# Exercise brief:
Where a picture appears, leave it out, and transcribe all the lines below exactly.

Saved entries
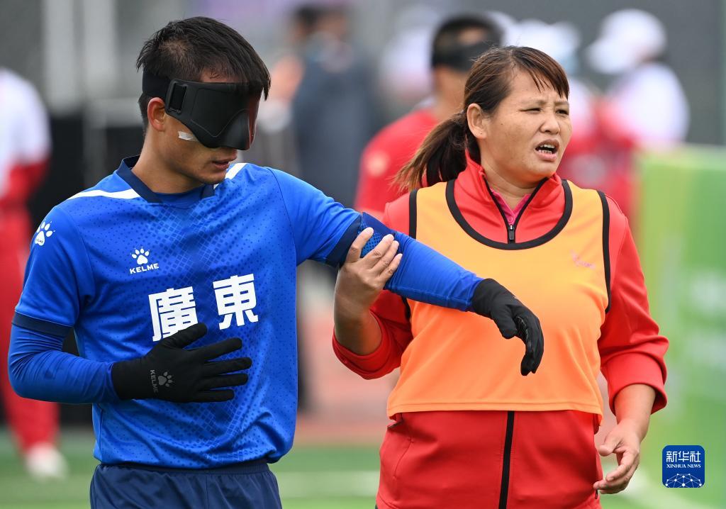 10月23日,广东队球员张家彬(左)在引导员林月红的协助下离场。张家彬是东京残奥会中国盲人足球队队长。
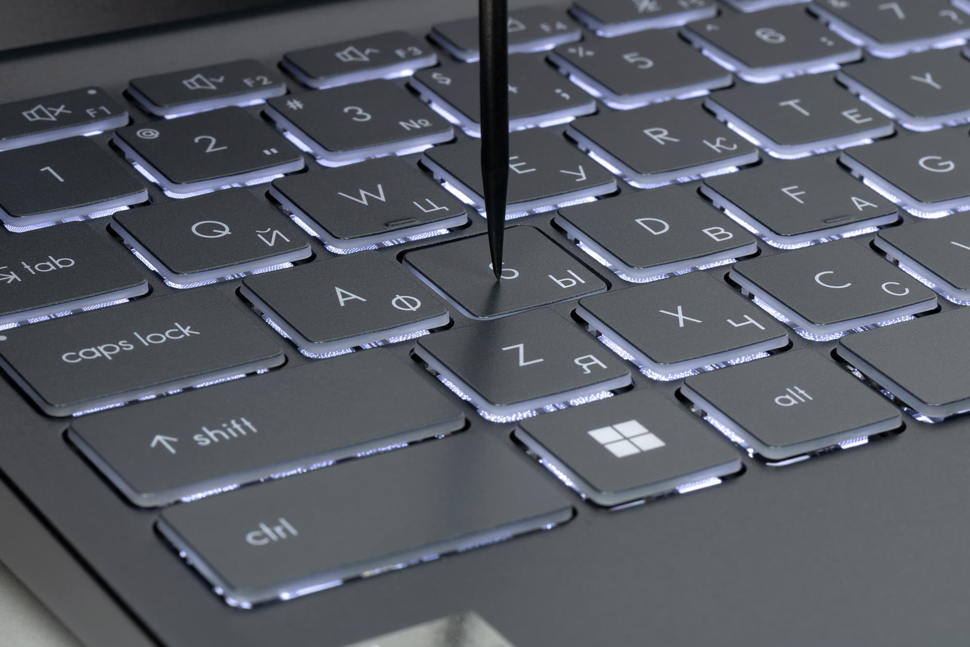 В ноутбуке используется полноразмерная клавиатура мембранного типа с небольшим (около 1,5 мм) вертикальным ходом кнопок.
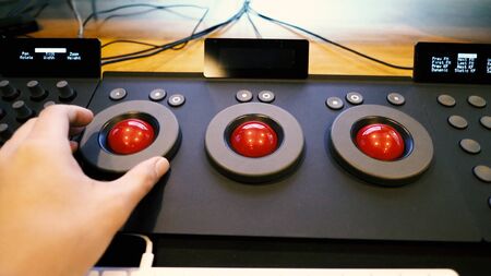 Behind of telecine controller machine and colorist man hand editing or adjusting color on digital video movie or film in the post production stage which very technical in the dark room lab.
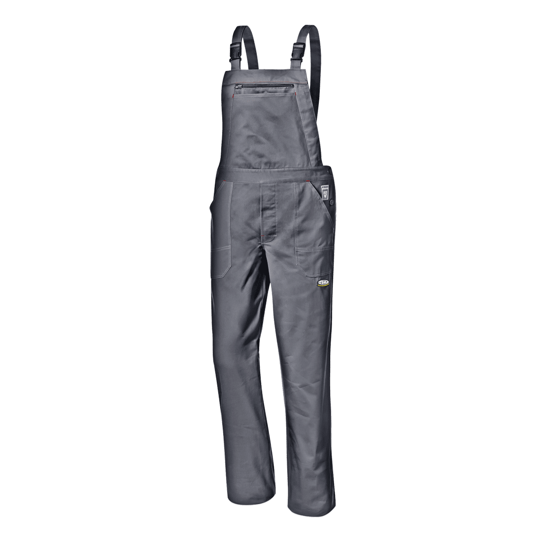 Kantáros nadrág 100% Massaua "beavatott" pamutból, 280 g/m². Állítható, rugalmas vállpántok, gyors-záras csatokkal. Dupla mellzseb; két ferde zseb; jobb lábszáron funkcionális zseb mérőszalagnak. Tripla varrás a lábszárak külső részén és a mellzsebnél. Rugalmas derékrész.
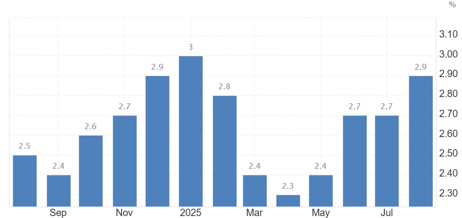 11 сентября 2025 года Министерство труда США обнародовало данные по инфляции за август. Согласно обновленным цифрам, индекс потребительских цен (CPI) в годовом измерении вырос до 2,9%.
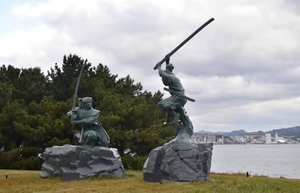 7.島内には宮本武蔵と佐々木小次郎の像もある -

# Answer box:
 10月23日,广东队球员张家彬(左)在引导员林月红的协助下离场。张家彬是东京残奥会中国盲人足球队队长。
 В ноутбуке используется полноразмерная клавиатура мембранного типа с небольшим (около 1,5 мм) вертикальным ходом кнопок.
 Behind of telecine controller machine and colorist man hand editing or adjusting color on digital video movie or film in the post production stage which very technical in the dark room lab.
 Kantáros nadrág 100% Massaua "beavatott" pamutból, 280 g/m². Állítható, rugalmas vállpántok, gyors-záras csatokkal. Dupla mellzseb; két ferde zseb; jobb lábszáron funkcionális zseb mérőszalagnak. Tripla varrás a lábszárak külső részén és a mellzsebnél. Rugalmas derékrész.
 11 сентября 2025 года Министерство труда США обнародовало данные по инфляции за август. Согласно обновленным цифрам, индекс потребительских цен (CPI) в годовом измерении вырос до 2,9%.
 7.島内には宮本武蔵と佐々木小次郎の像もある -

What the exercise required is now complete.